◆ ASSIGNMENT
Once you reach the line containing "Ha bútorra (írásztal, szék), biciklire", return it and every line after it exactly, through the end of the records below, with no pictures.

◆ DATA RECORDS
+ + +

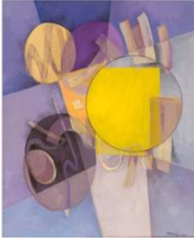
بسم الله، 1983 / محمود حماد، سوريا 80 سم x ألوان زيتية على قماش، 99
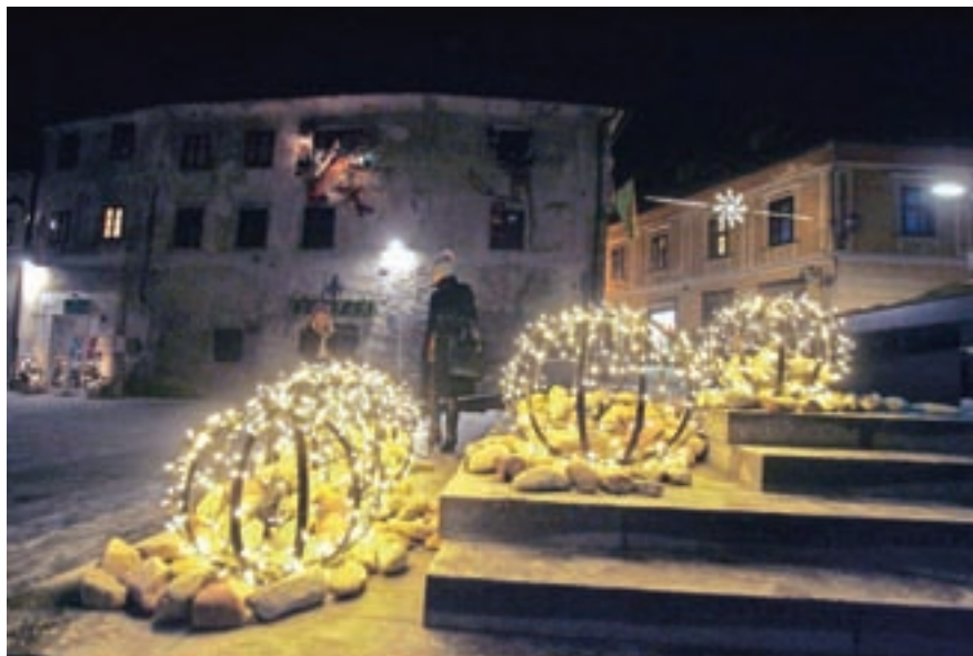
Svetlobne krogle, ki ponazarjajo rečne prodnike.

gle, ki simbolno spominjajo na kamne, je voda letos naplavila le na Cankarjev trg, v prihodnjih letih pa na podoben način načrtujemo označitev še drugih ključnih ambientov," sta še dodali avtorici nove praznične okrasitve.
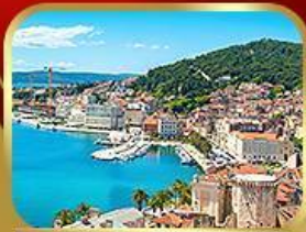
ชมย่านเมืองเก่าสปลิก
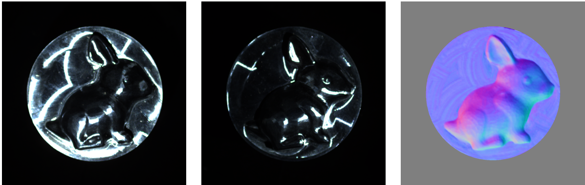
FIGURE 2 : Reconstruction 3D d'une surface très brillante en utilisant l'approche neuronale. À gauche : deux photographies d'un lapin en aluminium. À droite : malgré le comportement spéculaire de la surface, la reconstruction 3D est très précise. En revanche, le résultat n'est pas physiquement interprétable, et l'obtenir nécessite des données d'apprentissage massives et une puissance de calcul importante. Source des images : [2].
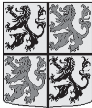
Het wapen van De Beerzen
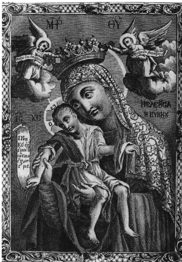
Εικ. 7. «Περιγραφή» μονής Κύκκου, Βενετία 1782. Προμετωπίδα.

σης κατάγονται από το δυτικοευρωπαϊκό μπαρόκ και ιδιαίτερα από τη θρησκευτική τέχνη της Αντιμεταρρύθμισης, που προώθησε, όπως είναι γνωστό, τη λατρεία των εικόνων και των λειψάνων 33 . Χαρακτηριστικό παράδειγμα ένα χαρακτηριστικό του Pietro de Angelis, του 1622, στο οποίο εικονίζεται η διευθέτηση που έγινε το 1613 στην Capella Paolina της Santa Maria Maggiore στη Ρώμη για να τοποθετηθεί το παλλάδιο της εκκλησίας, η προεικονομαχική εικόνα της Οδηγήτριας (Εικ. 6) 34 . Το εικονογραφικό σχήμα του χαρακτηριστικού του Κύκκου εκφράζει ιδέες ανάλογες με το χαρακτηριστικό αυτό του de Angelis. Ανήκει σε μια τεράστια ομάδα εικονογραφικών στερεοτύπων που γνωρίζουν μεγάλη διάδοση με τα θρησκευτικά χαρακτηριστικά σε Ανατολή και Δύση 35 .
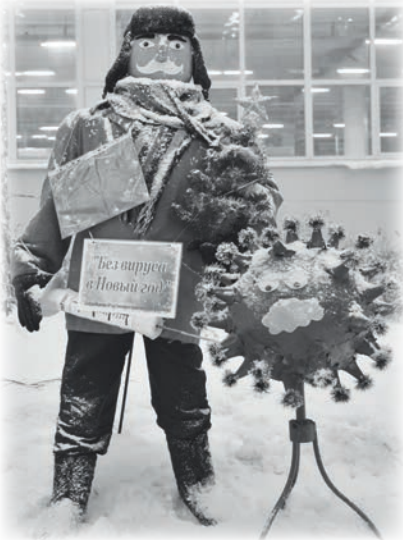
Победитель в номинации «Работник года»

Мы очень рады, что в этом конкурсе ежегодно принимают участие команды многих подразделений завода. Он стал доброй традицией на Сарапульском радиозаводе. Надеемся, что в следующем году креативных мастеров, желающих проявить свои таланты в нашем конкурсе, будет ещё больше.
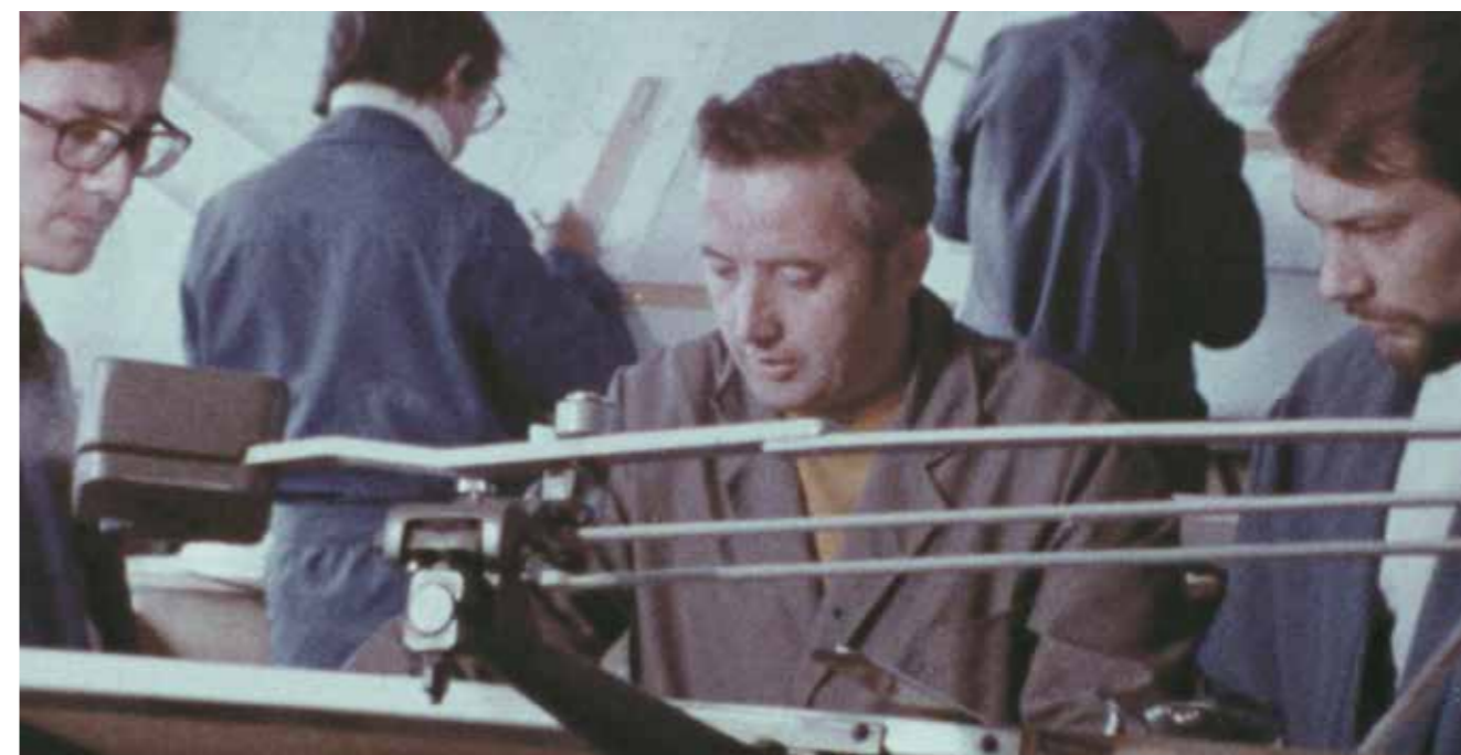
« SNR Roulements » de Jean Salvy, Fonds NTN-SNR, Collection Archives départementales de Haute-Savoie

Les réalisations audiovisuelles résultant du projet ENTRE2PRISES viennent en soutien des industries dans leur stratégie de recrutement. Les réseaux professionnels et groupements d'entreprises peuvent aussi les utiliser pour leur communication. Lieux d'accueil du public et temps de présentations peuvent être enrichis de cette matière nouvelle. Les partenaires prennent connaissance des ressources de la CPSA pour alimenter en images leurs stratégies de contenu.
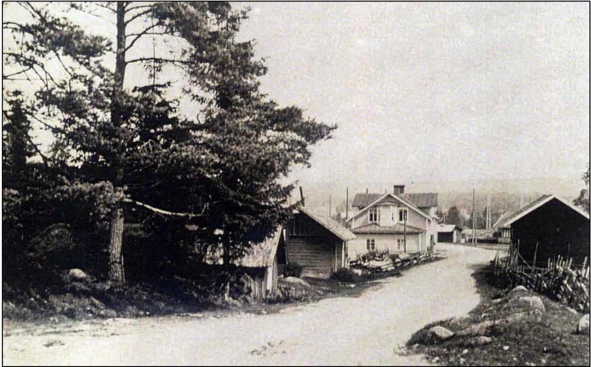
Arresten, sedd från andra hållet, till vänster om vägen.

Under tiden som diskussionen fortsatte om lämplig placering av arresten uppstod ett nytt problem. Stora landsvägen som passerade över Paradistorg skulle få en ny sträckning vilket innebär att den nuvarande arresten skulle hamna precis på väggkanten. På kommunalnämndens sammanträde i juni 1934 beslöt man att göra en hemställan till Vägstyrelsen om att Vägstyrelsen skulle bekosta en flyttning av arresten till en obebyggd tomt tvärs över gamla landsvägen. Arresten blev flyttad men det råder delade meningar om det blev till den föreslagna tomten eller till en annan plats vid torget.
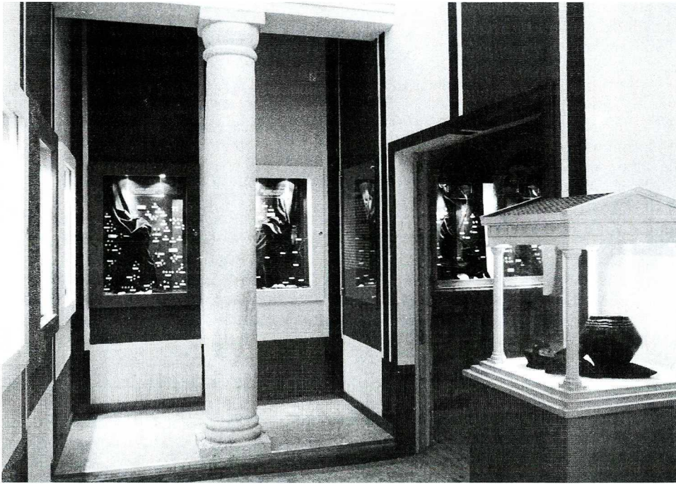
Ryc. 2. Wystawa numizmatyczna w Muzeum Archeologicznym i Etnograficznym w Łodzi.

przybory piśmienne. Obok sejf. Całość oświetla żyrandol. Wchodząc do czwartej sali, znajdujemy się we współczesnym banku. Meble są współczesne, proste, jasne, a najważniejszą część stanowią okienka kasowe.
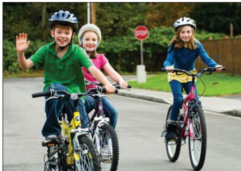
Kerüld ki a reggeli dugót bicikkel! (www.ptotoday.com)

Ha bútorra (írásztal, szék), biciklire vagy egyéb, másodkézből is beszerezhető termékre van szükségünk (például: alig használt iskolatáska), nézzünk szét valamelyik internetes piactéren vagy adományboltban.
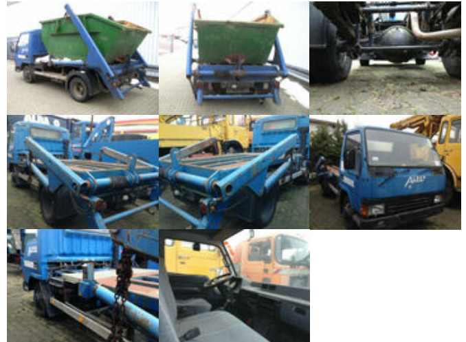
Mitsubishi Canter 4x2

Preis (brutto): 4.641,00 € Gesetzl. MwSt. 19%: 741,00 €
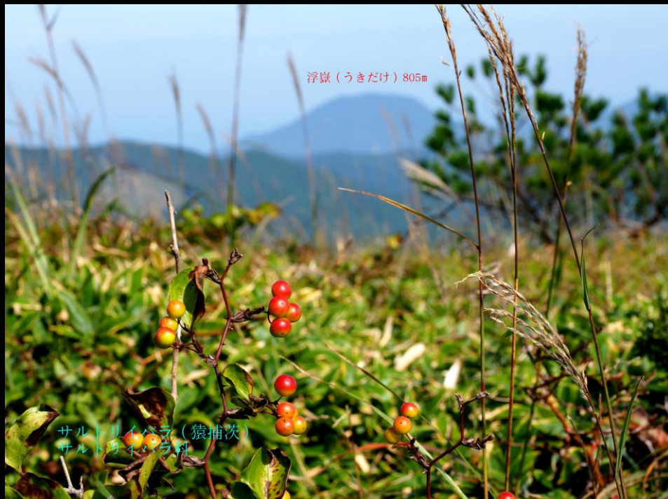
浮嶽 (うきだけ) 805m
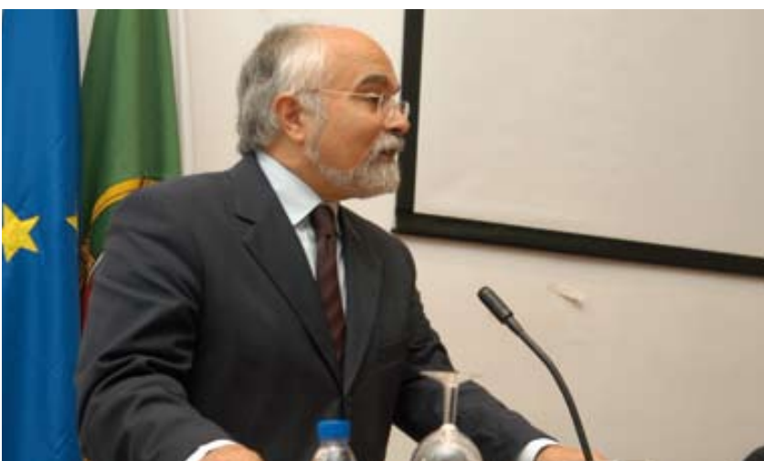
Secretário de Estado da Administração Interna esteve em Oeiras

Visando conter a combater a criminalidade exercida sobre condutores de veículos de táxi, a Câmara Municipal de Oeiras aderiu ao Projecto Táxi Seguro, recentemente implementado pelo Ministério da Administração Interna.
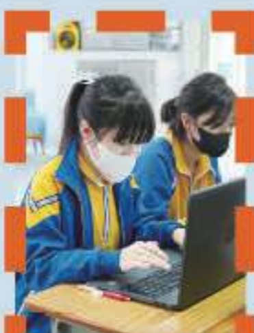
我正在學習文書處理呢！
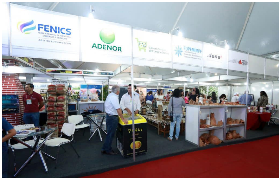
Já são 26 edições ininterruptas da Fenics

A Feira Nacional da Indústria Comércio e de Serviços – FENICS – tem início hoje, com o tema “Conecta as potencialidades de nossa região!”. A feira possui mais de duas décadas de credibilidade, fortalece marcas e lança empreendimentos de áreas diversas. Com 26 edições ininterruptas, desde 2020, em razão da pandemia, a ACI ousou na versão digital. Até quinta-feira, 7 de outubro, espera-se um grande número de visitantes no site fenics.com.br .
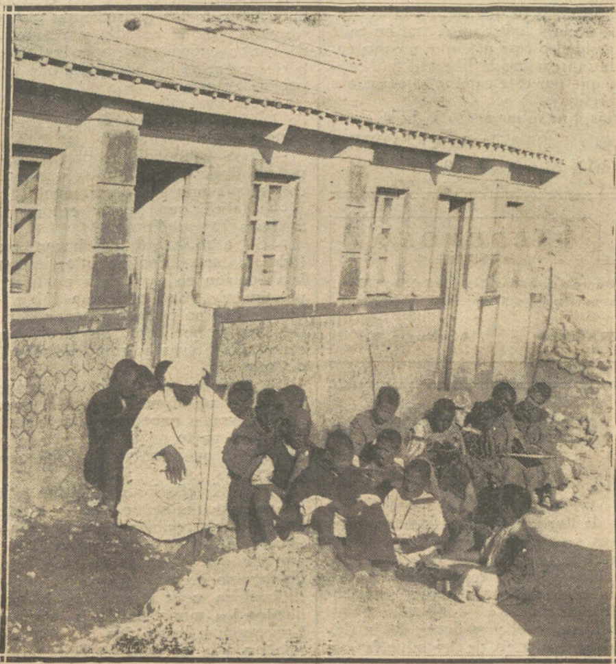
ENSEÑA ACCIÓN EN AFRICA.—LOS ALUMNOS DE LA ESCUELA INDIGENA DE LA LOZABA ZELUAN, A LA PUERTA DEL EDIFICIO RECIENTE INAUGURADO.

Hay otro sistema que ha descubierto un profesor antimemorista. Ha leído que los discípulos son los que lo han de hacer todo, y no el profesor; pero que no han de hacerlo con la memoria, sino con la inteligencia. Y, efectivamente, él no les explica nada. Les manda hacer trabajos, y allá ellos. Suponte que se trata de Literatura. Yo explicaría, por
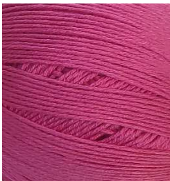
3061 Fucsia Fuchsia
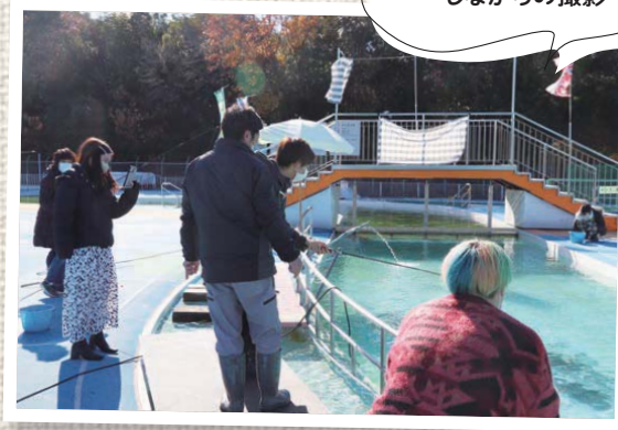
総合運動公園では 釣りを実践 しながらの撮影
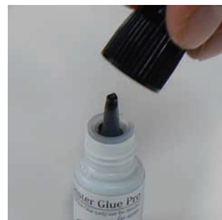
(図2) 勝手に溢れ出すグルー

+ + +

◆ RESPONSE AREA
Ha bútorra (írásztal, szék), biciklire vagy egyéb, másodkézből is beszerezhető termékre van szükségünk (például: alig használt iskolatáska), nézzünk szét valamelyik internetes piactéren vagy adományboltban.
Mitsubishi Canter 4x2

Preis (brutto): 4.641,00 € Gesetzl. MwSt. 19%: 741,00 €
浮嶽 (うきだけ) 805m
Secretário de Estado da Administração Interna esteve em Oeiras

Visando conter a combater a criminalidade exercida sobre condutores de veículos de táxi, a Câmara Municipal de Oeiras aderiu ao Projecto Táxi Seguro, recentemente implementado pelo Ministério da Administração Interna.
我正在學習文書處理呢！
Já são 26 edições ininterruptas da Fenics

A Feira Nacional da Indústria Comércio e de Serviços – FENICS – tem início hoje, com o tema “Conecta as potencialidades de nossa região!”. A feira possui mais de duas décadas de credibilidade, fortalece marcas e lança empreendimentos de áreas diversas. Com 26 edições ininterruptas, desde 2020, em razão da pandemia, a ACI ousou na versão digital. Até quinta-feira, 7 de outubro, espera-se um grande número de visitantes no site fenics.com.br .
ENSEÑA ACCIÓN EN AFRICA.—LOS ALUMNOS DE LA ESCUELA INDIGENA DE LA LOZABA ZELUAN, A LA PUERTA DEL EDIFICIO RECIENTE INAUGURADO.

Hay otro sistema que ha descubierto un profesor antimemorista. Ha leído que los discípulos son los que lo han de hacer todo, y no el profesor; pero que no han de hacerlo con la memoria, sino con la inteligencia. Y, efectivamente, él no les explica nada. Les manda hacer trabajos, y allá ellos. Suponte que se trata de Literatura. Yo explicaría, por
3061 Fucsia Fuchsia
総合運動公園では 釣りを実践 しながらの撮影
(図2) 勝手に溢れ出すグルー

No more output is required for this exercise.